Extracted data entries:
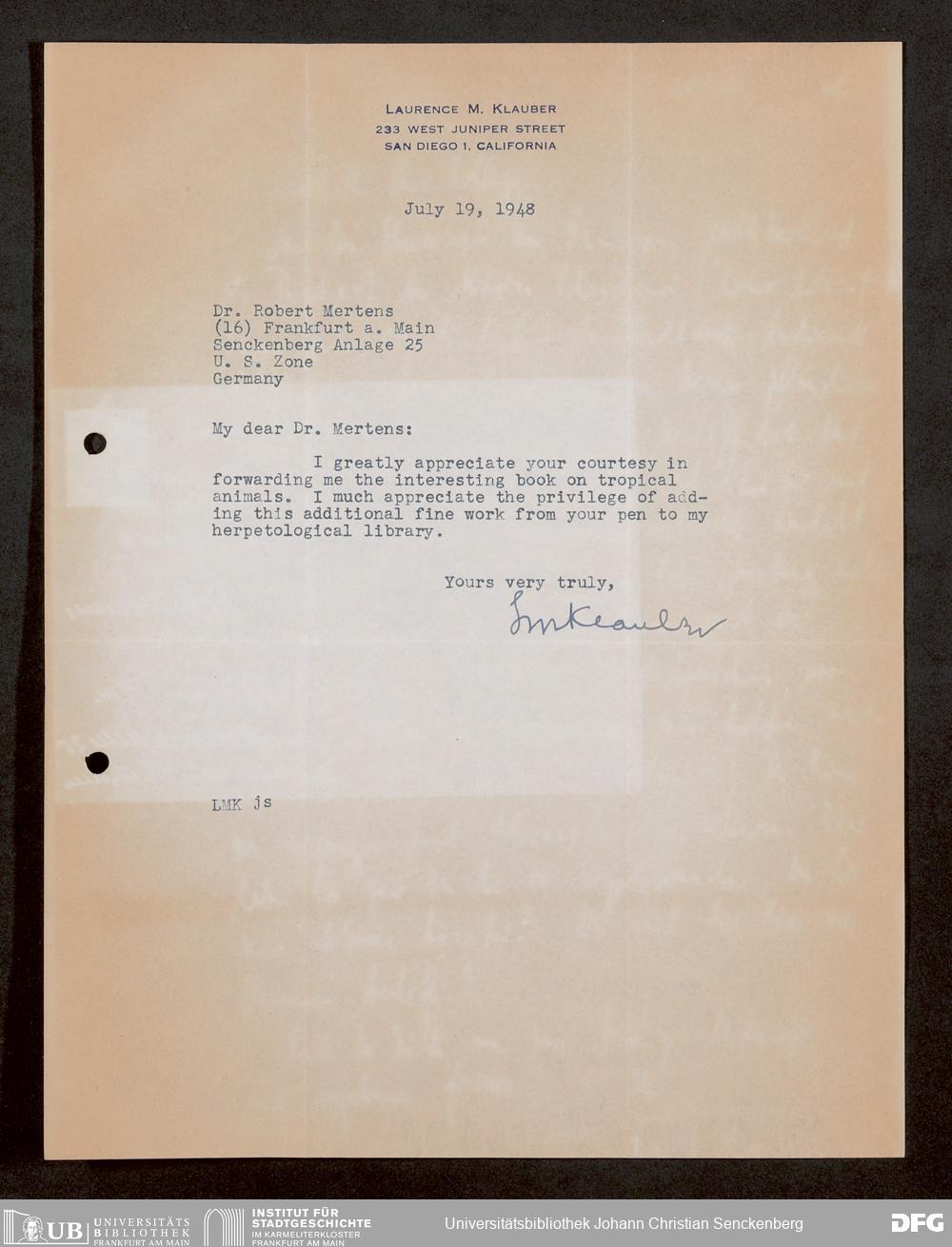 V176 Senckenberg Gesellschaft für Naturforschung, 1759-1 - Korrespondenz von Robert Mertens
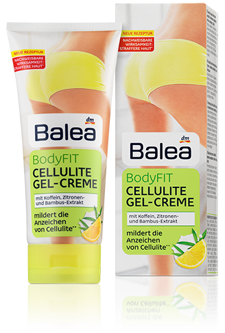 BodyFIT Cellulite Gel-CremeStraffere Haut, jeden Tag: Balea BodyFIT Produkte pflegen die Haut glatt und geschmeidig und steigern ihre Elastizität. Sichtbare Zeichen für Cellulite sind eine unregelmäßige Struktur und verminderte Elastizität der Haut sowie Unebenheiten an ihrer Oberfläche. Diese Anzeichen werden schon nach einem Monat nachweisbar gemildert.*/**Balea BodyFIT Cellulite Gel-Creme verfügt über eine Wirkstoffkombination aus Koffein, Zitronen-Extrakt und Bambus-Extrakt. Das Erscheinungsbild der Haut an den Problemzonen an Bauch, Beinen und Po wird sichtbar geglättet und verbessert.** Straffere und elastischere Haut bei 85% der Testerinnen.*Leichte, schnell einziehende und leicht kühlende Gel-Formulierung. Für ein zartes, geschmeidiges Hautgefühl.Die Balea BodyFIT Cellulite Gel-Creme ist vegan.* Wirksamkeitstest mit 20 Probandinnen.** Anwendungstest mit 30 Testerinnen.200 ml:3,95 €(100 ml: 1,98 €)
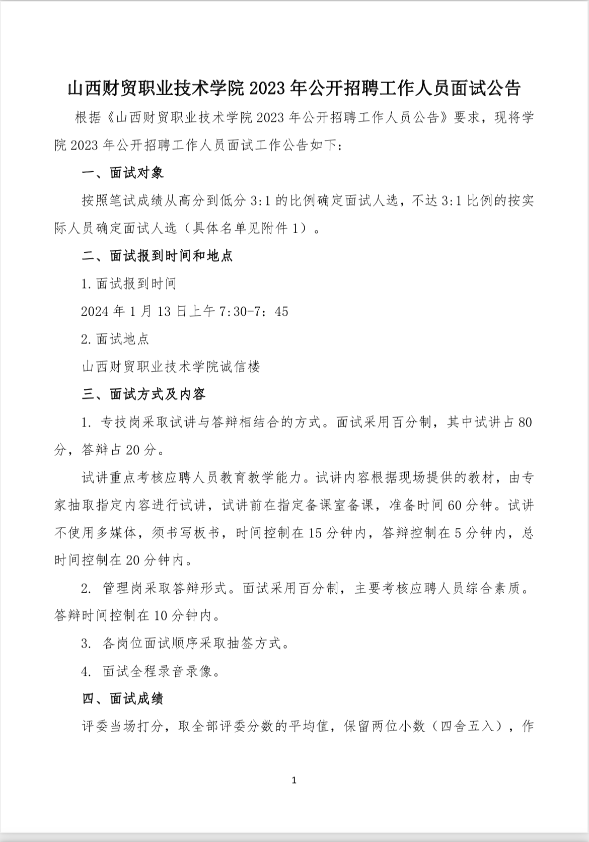 山西财贸职业技术学院2023年公开招聘工作人员面试公告
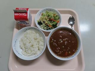 キーマカレーライス フレンチサラダ みかん 牛乳
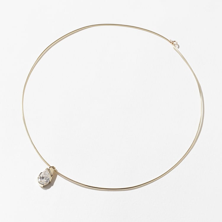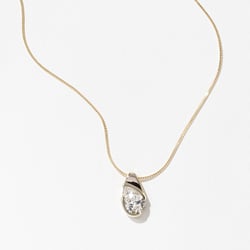 Pendant measures approximately 15mm by 8mm. Set with an approximately 1.60ct H/VS+ lab-grown pear-cut diamond on a 14k gold franco 18” chain.
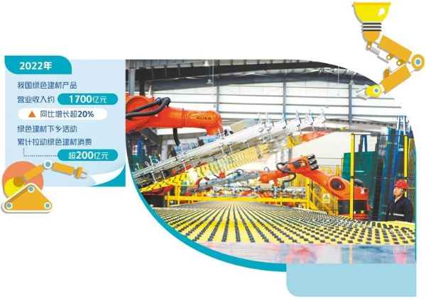 数据显示,2022年,我国绿色建材产品营业收入约1700亿元,同比增长超20%;绿色建材下乡活动累计拉动绿色建材消费超200亿元。
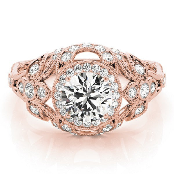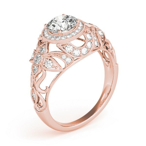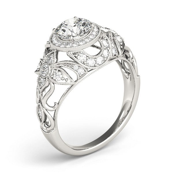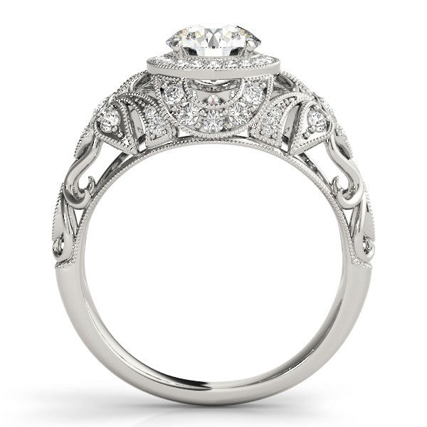 Round Cut Center with Round Prong Side Diamonds & Art Deco Milgrain Design Engagement Ring
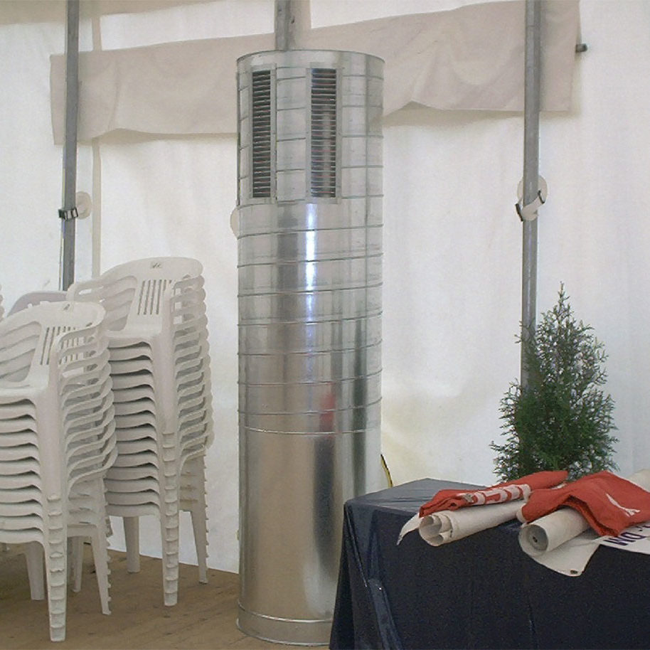 Insbesondere bei VIP-Veranstaltungen und Hochzeiten mit aufwendig eingedeckten Tischen empfehlen wir diese Form der Heizung. Die Luft wird hierbei über verstellbare Gitter von oben in den Raum eingebracht. Durch diese Art der Beheizung lassen sich flatternde Tichdecken oder umherfliegende Servietten vermeiden. Darüber hinaus ist die Einbringung der Warmluft über einen Ausblasturm aus ästhetischer Sicht eine gute Alternative.
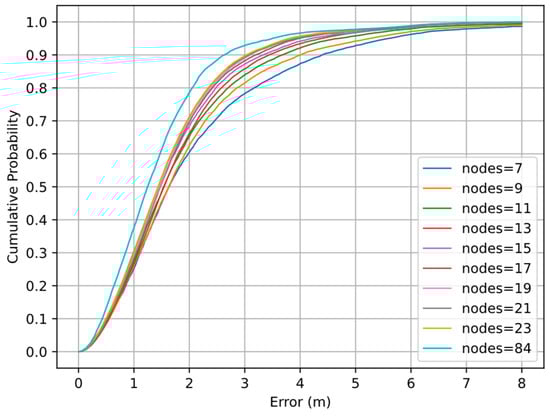Positioning error cumulative distribution function (CDF) curves of different numbers of nodes.

EXERCISE GOAL: Copy the entries above exactly, but only the stretch from the line containing "数据显示,2022年,我国绿" through the line containing "Round Cut Center". Keep both end lines; drop the pictures.

TASK SOLUTION:
 数据显示,2022年,我国绿色建材产品营业收入约1700亿元,同比增长超20%;绿色建材下乡活动累计拉动绿色建材消费超200亿元。
 Round Cut Center with Round Prong Side Diamonds & Art Deco Milgrain Design Engagement Ring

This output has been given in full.